NOTE: I've written a new post that updates this post with a better implementation. However, the information here is still valid on why you want to run Traefik on worker nodes. So, read this post first and jump over to the new one.
Traefik (traefik.io) is a fantastic tool and one I've used on many projects. It just works really well and is easy to configure. In Docker mode, it listens to events and automatically reconfigures itself to allow traffic to be sent to new services and/or containers. Deploying a microserviced application is a breeze.
However, in order for it to listen, you often see Docker Compose files looking like this…
version: "3.5" services: traefik: image: traefik:latest command: --docker --docker.watch ports: - 80:80 volumes: - /var/run/docker.sock:/var/run/docker.sock
While this works just fine when running locally, it's a terrible idea when running it in a Swarm cluster. Why? In order to hear Swarm events, Traefik has to have access to a manager node (which means a placement constraint to ensure this). This means all of your cluster traffic will run through a manager node!

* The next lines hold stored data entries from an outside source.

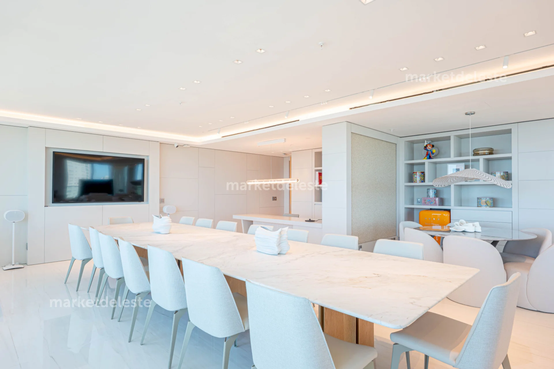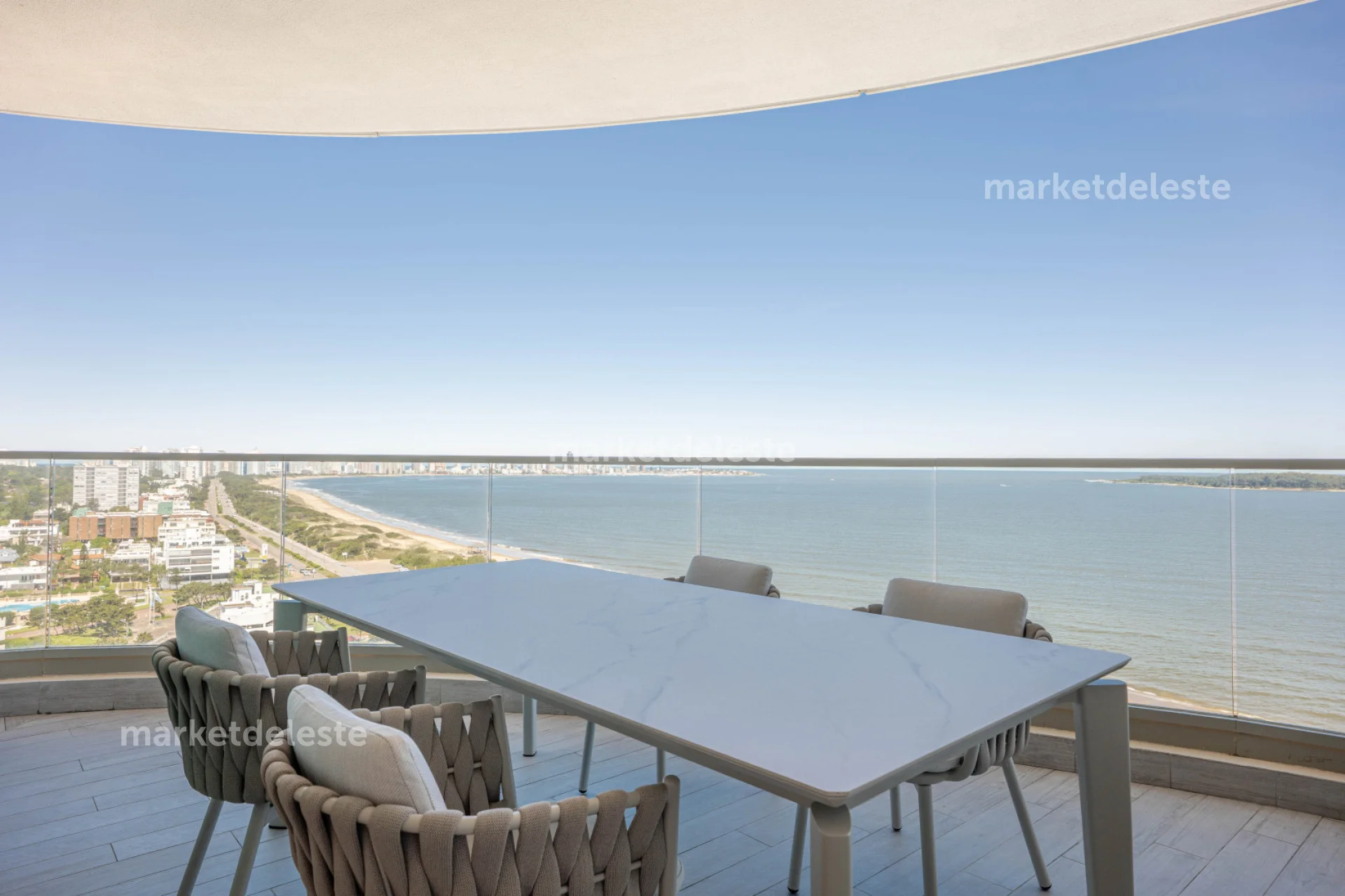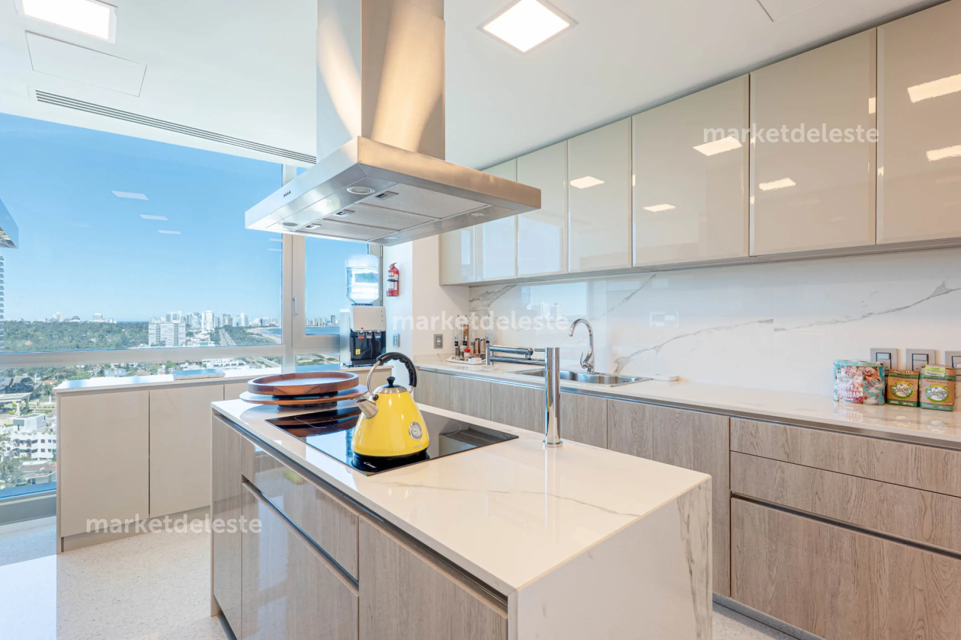 Planta de alrededor de 500 metros cuadrados que se distribuye en amplio living comedor, 6 dormitorios en suite y servicio, toilettes, cocina con isla, lavadero y dos terrazas con los mejores atardeceres .
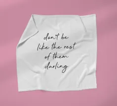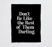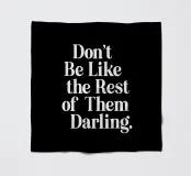 Elevate your space with this striking Coco Chanel typography art print. The iconic phrase "Don't Be Like the Rest of Them Darling" is elegantly rendered in vintage white serif lettering, creating a bold contrast against a solid black background. This timeless design captures Chanel's spirit of individuality and style, perfect for adding a touch of sophistication to any room. Ideal for fashion enthusiasts, empowered individuals, or anyone who appreciates classic elegance with a modern twist. Let this print inspire you to embrace your uniqueness and stand out from the crowd.
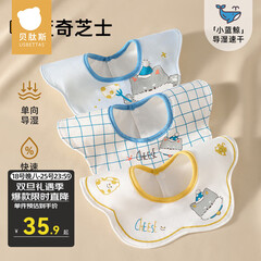 ¥35.90贝肽斯婴儿围嘴秋冬加厚宝宝防吐奶口水巾纯棉防水新生儿饭兜围兜 布蓝奇芝士【棉*导湿速干】3条装
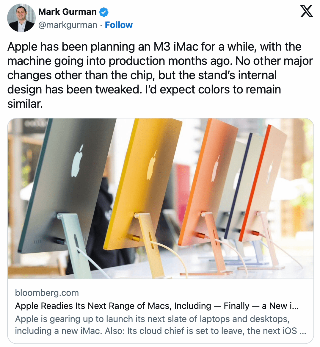 彭博社的马克・古尔曼目前在 X 平台发布贴文,声称苹果将在本次新品发布会中,推出搭载 M3 芯片的 24 寸 iMac。
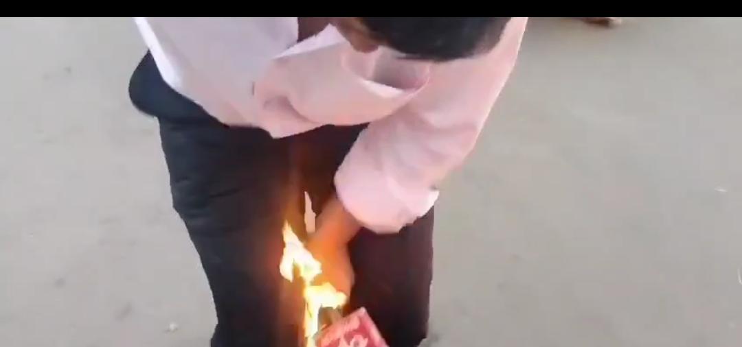 बता दें कि मंत्री विजय शाह के विवादित बयान पर विरोध प्रदर्शन और पुतला दहन किया जा रहा था जहां इसी के दौरान आग लगाने के लिए बॉटल में पेट्रोल लाया गया था जहां पुतले पर पेट्रोल डालते समय बोतल से निकलकर उड़ते हुए पेट्रोल भीड़ पर गिर गया और आग भी लग गई। इस दौरान वहां बच्चे भी थे, जिससे कि बड़ा हादसा होते-होते बच गया।
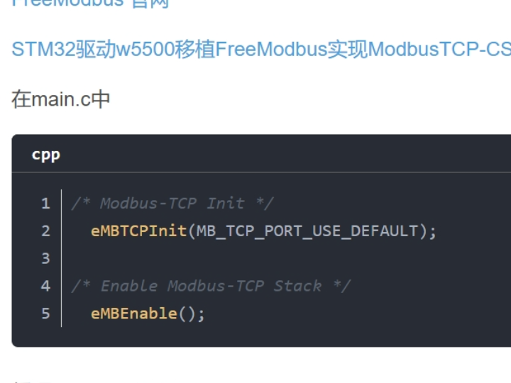 The same article then extends the design into Modbus/TCP using FreeModbus. In main.c, it initializes the Modbus/TCP stack with eMBTCPInit(MB_TCP_PORT_USE_DEFAULT), enables it with eMBEnable(), and runs eMBPoll() in the main loop. It also patches portevent.c so the port layer can trigger TCP polling through xMBPortTCPPool(), and it says a porttcp.c file must be added. For a maker project, that is the important architectural jump: the W5500 does not stop at raw TCP echo or a custom server; it becomes the network transport under a standard industrial application protocol.

Per the man page, "socat is a command line based utility that establishes two bidirectional byte streams and transfers data between them." Using this utility, we can "upgrade" the Docker socket (a Unix socket) to a TCP socket. Then, services can connect to the Docker socket using plain TCP from remote locations.
If we run socat in a container that has the Docker socket mounted, we can make the Docker socket available to any other containers on the same network. If you're using Docker EE, you can further secure the network by limiting who can access it by putting it into its own collection.
Why use socat rather than just enabling remote connections on the engine socket? Great question! By doing this, we can leverage Swarm's DNS-based service discovery (don't have to lookup where the managers are located) and we can use network isolation to limit who can access it.
The Stack File
The following stack file will add the socat service and update Traefik to use the new service for its Docker endpoint.
version: "3.6" services: socat: image: alpine/socat command: tcp-listen:2375,fork,reuseaddr unix-connect:/var/run/docker.sock volumes: - /var/run/docker.sock:/var/run/docker.sock networks: - mgmt deploy: placement: constraints: - node.role == manager traefik: image: traefik:latest command: --docker --docker.endpoint=tcp://socat:2375 --docker.watch --docker.swarmMode ports: - 80:80 networks: - mgmt - app-entry deploy: placement: constraints: - node.role == worker networks: mgmt: external: true app-entry: external: true
A couple of things to note…
- The Traefik service is configured with a
docker.endpointof socat:2375. Remember that with Docker's DNS-based service discovery, this will resolve to the
- There are two networks, which you'll notice are defined externally. The reason I do this is so 1) they have exact names (rather than having a project prefix added to them) and 2) making it easier to have other services connect to them (since this is a reverse proxy after all). The
app-entrynetwork is used to communicate from Traefik to any other service (example below).
Deploying a Service
Now that we have the proxy stack, let's deploy a simple app. We'll use the ridiculous
version: "3.6" services: cats: image: mikesir87/cats networks: - app-entry deploy: labels: traefik.docker.network: app-entry traefik.backend: cats traefik.frontend.rule: "Path: /" traefik.port: 5000 placement: constraints: - node.role == worker networks: app-entry: external: true
To try it out, we'll sping up a quick Swarm cluster using Play with Docker.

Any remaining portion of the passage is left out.